### Task description
Leaving out the pictures, write out exactly each line from the line with "- 🐶【HIDE AND" through the close of the listing below.

### Supplied data
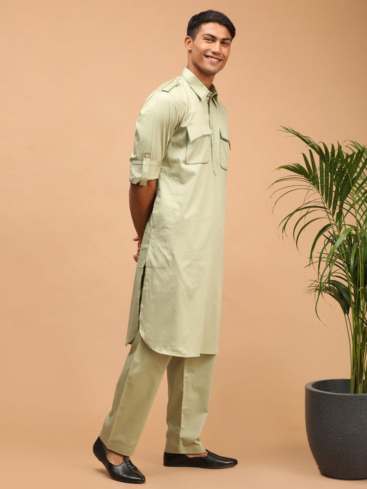 Men's Green Cotton Blend Pathani Pathani Kurta Set
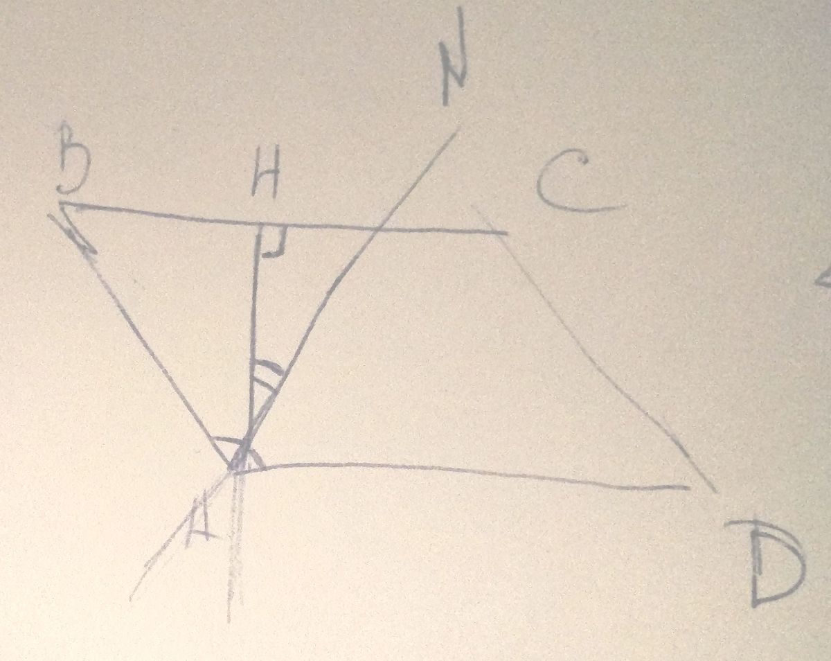 ∠NAD=∠HNA,т.к AN секущая при параллельно прямых AD и BC. Рассмотрим ΔHNA. Он прямоугольный. ∠HNA=180°-90°-17°=73°, т.е. ∠NAD=73°. Т.к.AN-биссектриса угла BAD, то ∠NAD=∠NAB=73°. В ΔABN ∠ABN=180°-∠BAC-∠BNA=180°-2·73°=34°. Т.к. ∠ABN=∠ABC, то ∠ABC=34°. Ответ: ∠ABC=34°.
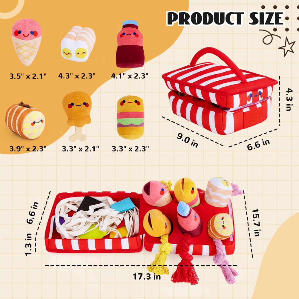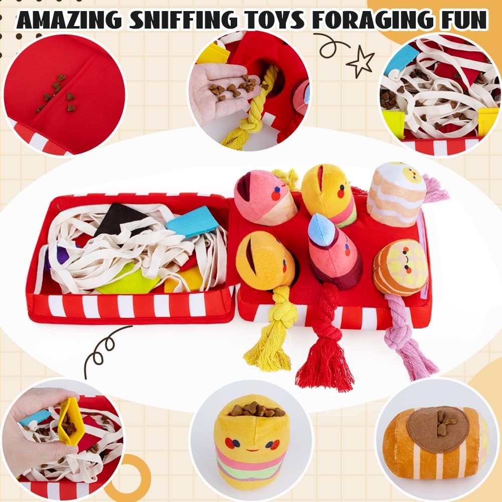 - 🐶【HIDE AND SEEK DOG ENRICHMENT TOYS】Noodles, dolls, small compartments, pockets, etc. can hide food, making the dog excited and focused on sniffing.The more difficult challenge is to put all the food in and cover the lid, so that the dog can complete the whole foraging process in turn.The dog eats while digging and playing hide and seek with the food, feeling super satisfied and happy.
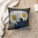 Deze omkeerbare kussen zijn voorzien van witte maissoorten in een kobaltvase die in een rotstuin rust en aan de andere kant van de rotsbodem is een verbluffend hete rode zinnia tegen een blauwe achtergrond

### Task response
 - 🐶【HIDE AND SEEK DOG ENRICHMENT TOYS】Noodles, dolls, small compartments, pockets, etc. can hide food, making the dog excited and focused on sniffing.The more difficult challenge is to put all the food in and cover the lid, so that the dog can complete the whole foraging process in turn.The dog eats while digging and playing hide and seek with the food, feeling super satisfied and happy.
 Deze omkeerbare kussen zijn voorzien van witte maissoorten in een kobaltvase die in een rotstuin rust en aan de andere kant van de rotsbodem is een verbluffend hete rode zinnia tegen een blauwe achtergrond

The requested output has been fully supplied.